Either way it's a no no. If one of the guys I work with would hit the boom hard enough to bounce it they would be gone. Equipment costs to damn much to abuse


----------



## BuckmasterStumpGrinding (Oct 26, 2014)

It was swinging limbs. When I was learning to use a bucket truck the boss would tell me to just make the cuts like he told me to. Looking back im lucky I lived through some of that crap.


----------



## lone wolf (Oct 26, 2014)

treebilly said:


> Either way it's a no no. If one of the guys I work with would hit the boom hard enough to bounce it they would be gone. Equipment costs to damn much to abuse


Mine walked home the other day


----------



## lone wolf (Oct 26, 2014)

BuckmasterStumpGrinding said:


> It was swinging limbs. When I was learning to use a bucket truck the boss would tell me to just make the cuts like he told me to. Looking back im lucky I lived through some of that crap.


Smaller cuts.


----------



## Ryan Shaw (Nov 12, 2014)

BuckmasterStumpGrinding said:


> It was swinging limbs. When I was learning to use a bucket truck the boss would tell me to just make the cuts like he told me to. Looking back im lucky I lived through some of that crap.

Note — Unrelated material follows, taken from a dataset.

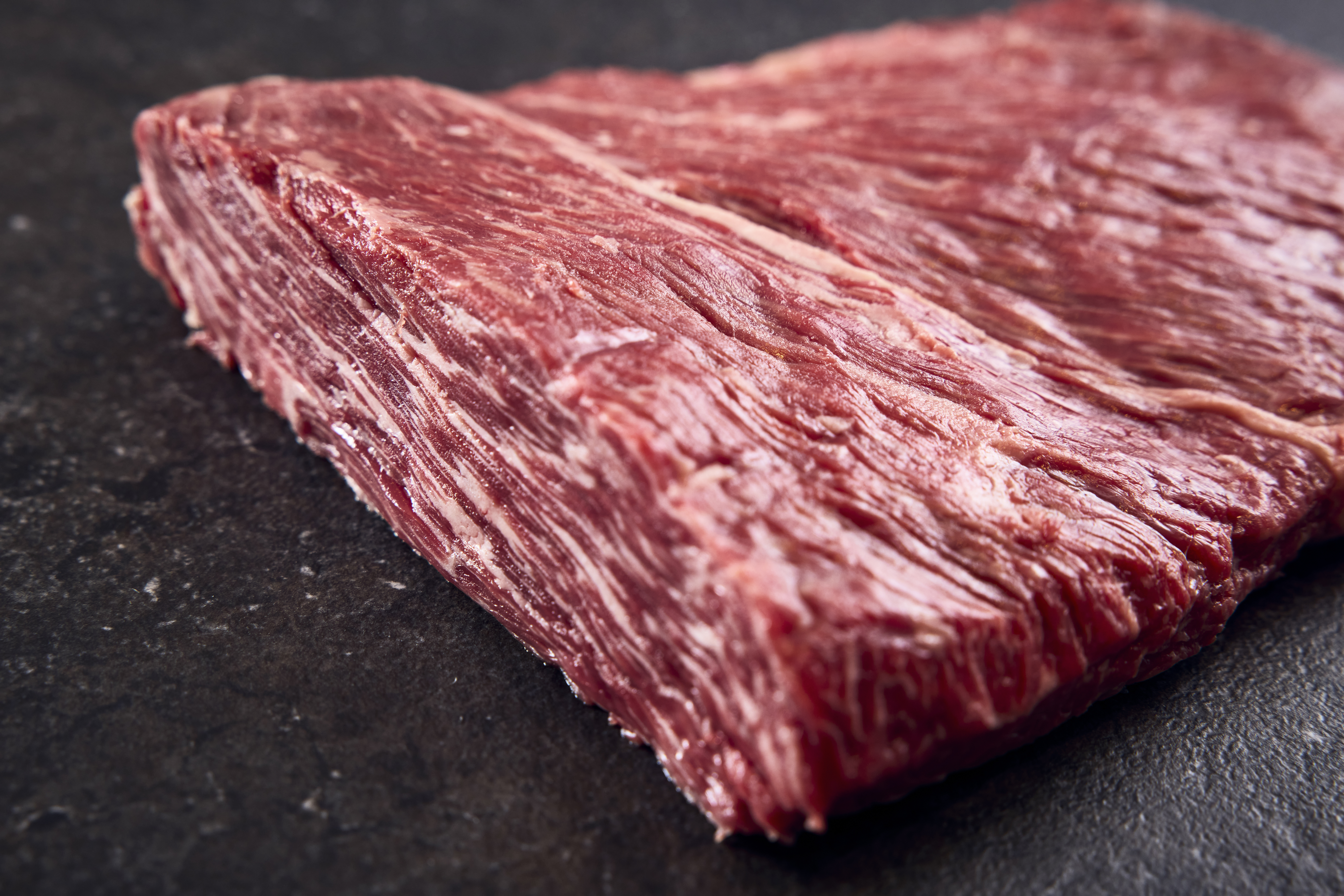 Unser Bavette lebt von der Kombination aus kräftigen Aromen und einer herrlichen Saftigkeit durch das zartschmelzende intramuskuläre Wagyu-Fett. Die Fasern des Bavette sind etwas grober gebündelt - die Textur, die dabei entsteht, ist mit kaum einem anderen Steak vergleichbar: Mürb, saftig und cremig beim Kauen.
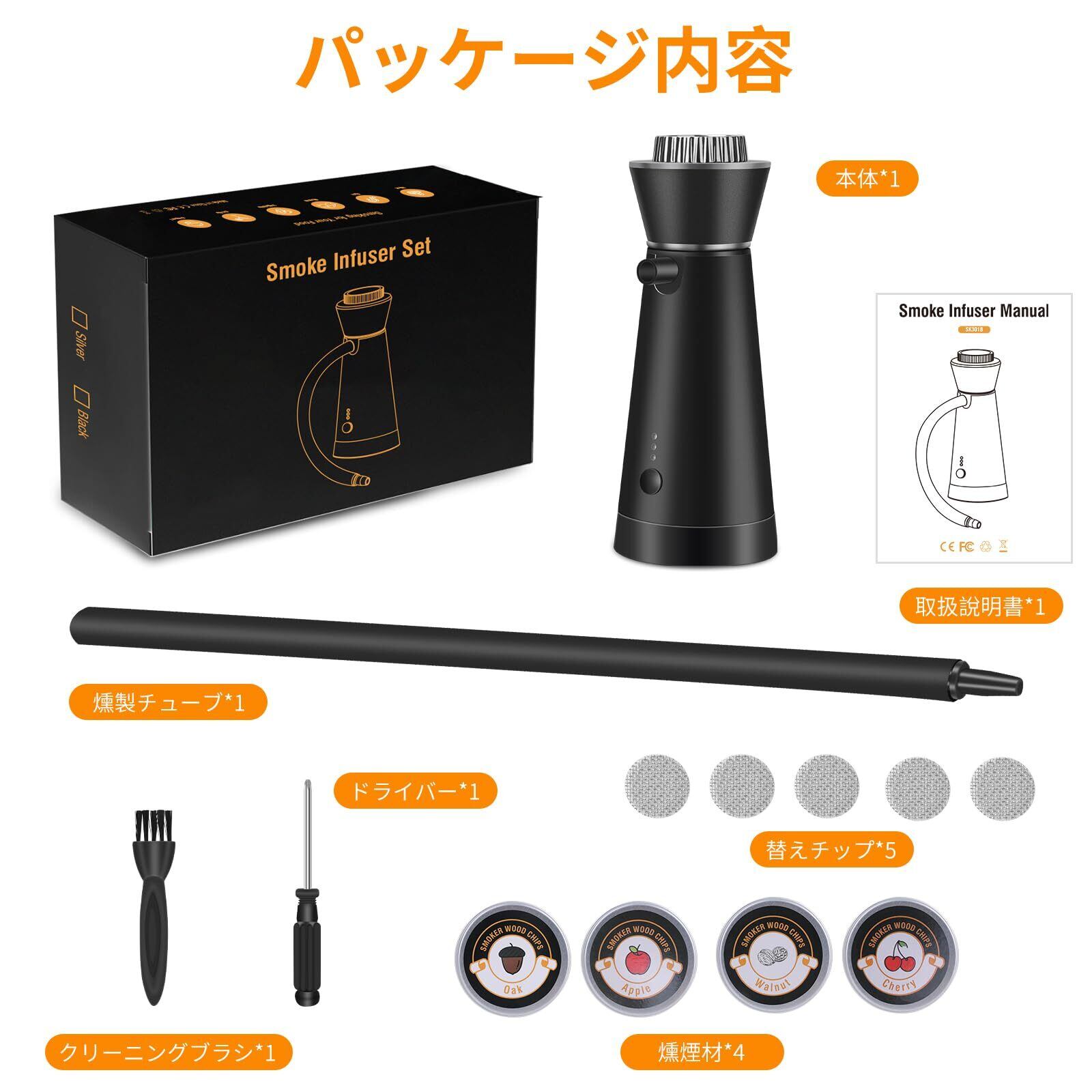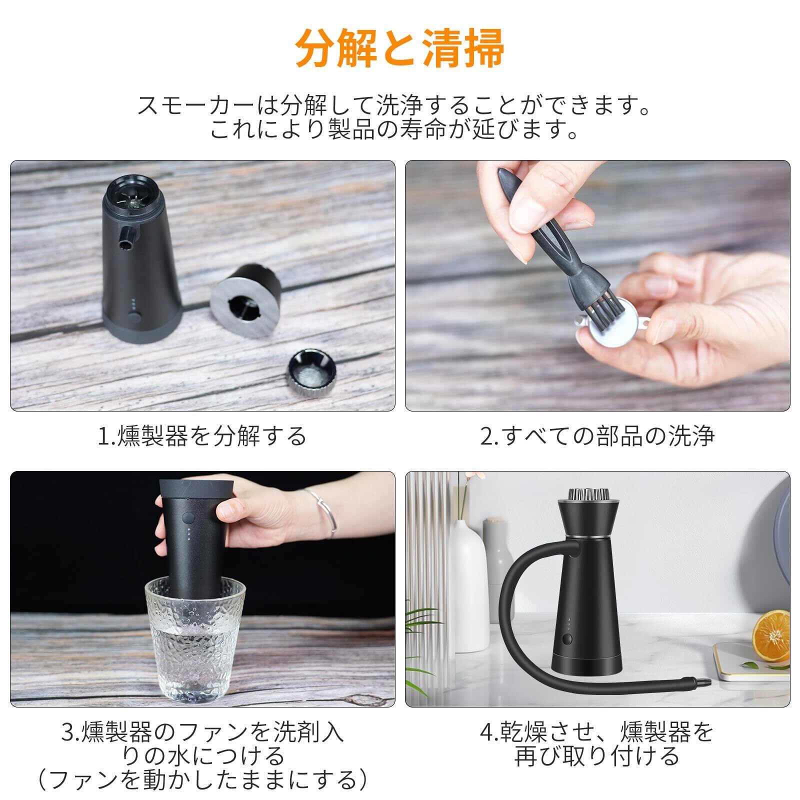 【新しい調理法】このパッケージには、本体、4種類の木材チップ、5つのフィルター、燻製チューブ、クリーニングブラシとドライバーが含まれています。スモーク器にはステンレス網状フィルター室が付き、直接に取り出す可能、専用清潔ブラシを付け加えて送り、清潔しにくい悩むから離れる。スモークチップの投入時や火の点火の際、格段に作業しやすくなりました。

I worked for a guy like that. Easy for them to tell us what to do, it isn't their life on the line. Finally ended up ending my business relationship with him and he humbled himself cuz he wanted me back climbing for him so I told him that he can give me work that he doesn't want or isn't willing to take on (plenty of risky jobs,) I'll do everything without him then give him a cut. I like this system a lot more. I do my own thing, hire people I trust, and make significantly more money.. all safely


----------



## lmasontreeservice (Nov 16, 2014)

If you work in tight areas I think a spider/tracked lift would be the way to go, but me never using one I don't know. I run buckets there nice for open areas. I think an experienced climber is better than a bucket


----------



## ShermanC (Apr 17, 2017)

Woodsmen Tree said:


> Prayin before work is a must for me too.



Our prayer time comes first every work day. We take the time to pray for needs of others plus our teamwork and coordinated safety. It sets the stage for collaboration and sure makes a difference for the whole day. It sets the tone for a constructive safety meeting then job briefing and EHAP.


----------



## BC WetCoast (Apr 18, 2017)

treetopguy2028 said:


> Our prayer time comes first every work day. We take the time to pray for needs of others plus our teamwork and coordinated safety. It sets the stage for collaboration and sure makes a difference for the whole day. It sets the tone for a constructive safety meeting then job briefing and EHAP.



We have guys on our crew who would report this as a human rights violation.


----------



## ShermanC (Apr 18, 2017)

UP Equip said:


> Not anymore... Contact me and you'll see...


I like the saying there is safety in numbers but I don't know how long it will take market saturation to occur with spider lifts. A friend and colleague 50 miles from me bought a new All Access last year and a specially built trailer. Working fine to six days a week, last week he commented he needs three more workers and he is booked six to eight weeks ahead. its hard to find good workers because so many have arrest records for crime or substance abuse. our young people in this country are self destructing.


----------